Ender Öndeş’in Yeni Yaşam’da yayınlanan yazısı şöyle:

Kars’ta bu defa yeni bir rüzgâr esiyor. Şehrin her zaman biraz değişken olan siyasi atmosferi ay sonuna kadar karşımıza neler çıkarır bilinmez ama HDP’nin şansının gitgide arttığı genel bir görüş halinde.

Serhat bölgesindeki ilk durağım olan Kars’ın hüzün verici halini görünce Pasolini’nin “çölde her şey mucize etkisi yapar” sözü aklıma geliyor. Bölgenin en güzel şehirlerinden biri olan Kars, MHP’li belediye tarafından öyle bir hale getirilmiş ki, seçimi kazanan parti, kentte en asgari işleri yapsa bile efsane olur! Yollar berbat, çöpler her yerde yığılı… Belediye herkese borç takmış hayırsız evlat gibi! Sanayi esnafı belediyeye tamir işi filan yapmak istemiyor, çünkü parasını alamıyor. Su veznesinin yanında icra memurunun durduğu ve her akşam hasılatı toplayıp götürdüğü söyleniyor.

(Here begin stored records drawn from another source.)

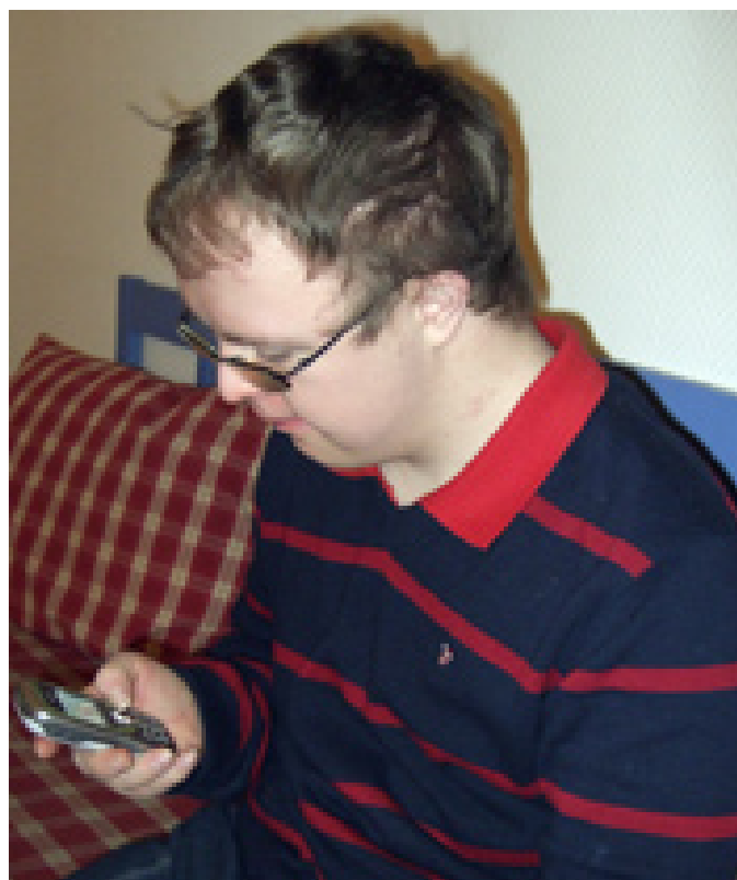
Ungdom er opptatt av mobiltelefon.

Å kunne ta og bruke digitale bilder er også noe som personer med utviklingshemning vil kvie seg for å gjøre uten opplæring. Generelt husker man bedre situasjoner, steder og mennesker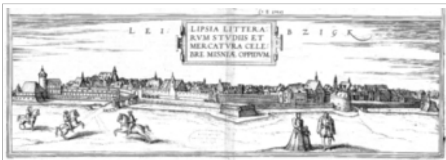
Abb. 6: Ansicht der Stadt Leipzig (1572)

Das Spektrum der Druckproduktion reichte von den Schriften antiker Autoren bis zu humanistischer Literatur. Zum großen Teil wurden sie von der Universität in Auftrag gegeben, weil sie für das Studium benötigt wurden. Das gilt zum Beispiel für Lehrbücher über Logik und Grammatik. Auch wurden neben theoretischen Schriften über Mathematik Rechenbücher für Kaufleute gedruckt, neben astronomischen Schriften Kalender und Prognostiken und neben theologischer Literatur liturgische Werke.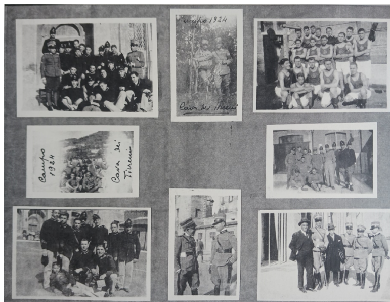
Anno scolastico 1924-25: gli allievi impegnati al campo estivo di Cava dei Tirreni, in attività sportive ed in visite istruttive.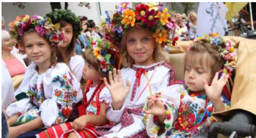
Рис. 1. Приклад фотозображення з серії «Символіка України».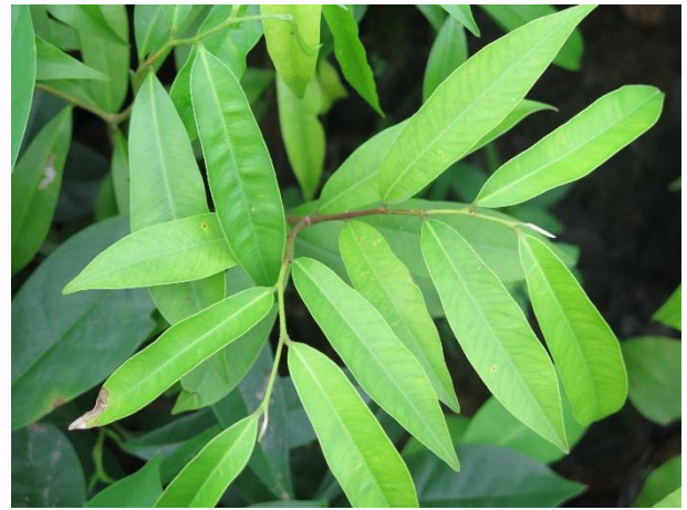
ต้นกฤษณา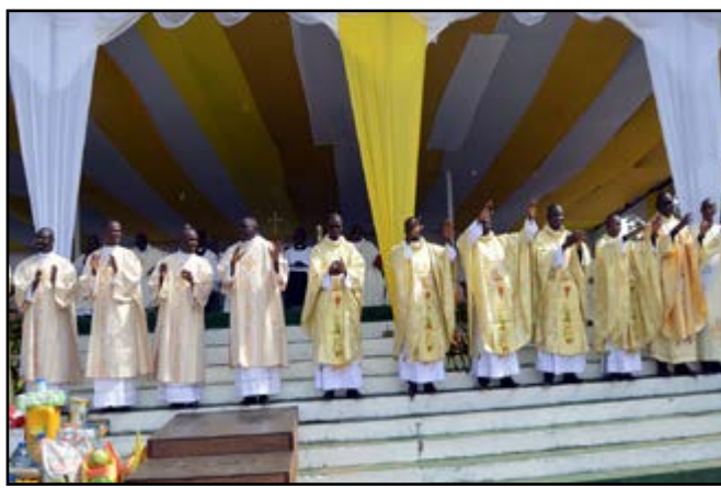
Les nouveaux diacres et prêtres rendant grâce à Dieu

Après l'homélie s'est poursuivie l'exécution des rites des ordinations diaconales et presbytérales.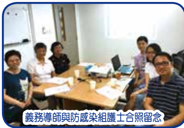
義務導師與防感染組護士合照留念

為配合本聯網醫院義工服務的需要,本部邀請了5位現職及退休護士同事擔任醫院義工防感染課程義務導師,5/6(一)特安排由防感染控制組護士講解,讓大家了解義工防感染課程教授的內容,各義務導師於7月份開始正式投入服務。

Bunların bir bölümünün söylenti olduğu düşünülebilir belki ama son gece konuştuğum 17 yıllık morg görevlisi çok net konuşuyor: “Cenazeleri götürmek için mazot yok; cenaze sahiplerinden yakıt parası isteniyor artık.”

Fiziki durumun ötesinde, asıl ahlaki düzeyde sıkıntı büyük. Kars’a mafyatik bir düzen hakim olunca, rüşvet ve naylon ihlaleler artık sıradanlaşmış. ‘Kartçılar’ var bir de. Kars’a hiç uğramadığı halde bankamatikten maaşını alan ‘belediye çalışanları’nın(!) sayısının 350 civarında olduğu söyleniyor.

HERKESE DOKUNMAK

Bu yüzden yeni belediyeden beklentinin çok düşük olduğunu söylüyor HDP Eşbaşkan Adayı Ayhan Bilgen: “Vatandaş öyle bezmiş ki, çöpü kaldırsan, yolu yapsan, ona bile razı!” Daha sonra Iğdır ve Ağrı’da da tanık olacağım gibi AKP’li bakanlar bölgeye kamp kurmuş, yeni vaatlerle, makyajla durumu toparlamaya çalışıyorlar ama çok zor görünüyor. Kars’ı şimdiye kadar HDP dışında herkes yönetmiş ve sonuç hiç parlak değil.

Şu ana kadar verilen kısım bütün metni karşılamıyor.